Return From Sin City

Just back from another Vegas trip, mostly for recreation but also to get some work done.  In case you haven't been there lately, the new trend in gaming is for "name" slot machines, themed around TV shows.  Some are based on game shows, like Jeopardy! and Wheel of Fortune, and I lost an entire two bucks playing a Press Your Luck slot.  (Press Your Luck was a terrific game show which went off the air in 1986.  It was never a huge hit but I guess they figure someone remembers it.)  There are also I Dream of Jeannie machines (with great pictures of Barbara Eden all over them), Addams Family machines and Munsters machines, while Beverly Hillbillies and Bewitched are said to be on the way.  If you hit big on the Beverly Hillbillies machine, you could win enough to move into the big house next to the Drysdales and have your own cee-ment pond and a whole back yard full of critters.  Old TV programs used to just fade quietly into obscurity on Nick at Nite.  Now, they move to Las Vegas and get into professional gambling.

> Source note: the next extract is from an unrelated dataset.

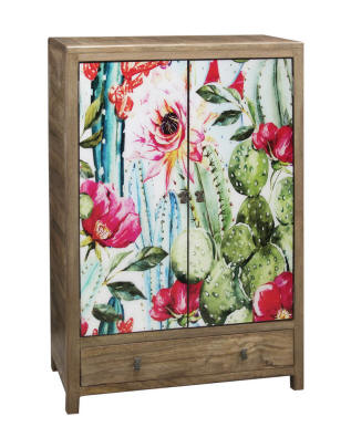 Ref TRO142 TRO ARMOIRE PETITE 2 D 1 DRW MINDI WOOD - MOTIF CACTUS 75x40x110 |

Funniest Thing I Encountered in Vegas This Time: No, not a Windows error.  Walking the length of the Strip, I wandered past the Westward Ho, which is a dump of a casino next door.  I noticed that, while the Stardust — hardly a class act, itself — is featuring Wayne Newton, the 'Ho (as locals call it) is featuring Rusty Davis, a Wayne Newton impersonator.  A gent outside was trying to hustle folks to go in, gamble, eat cheap shrimp cocktails and see Rusty.   I asked him, "Why would anyone want to see a Wayne Newton impersonator when they can walk right across that parking lot and see the real Wayne Newton?"  Without pausing to mull, the man responded: "Our Wayne Newton is $14.95 and comes with a buffet."  Hey, works for me.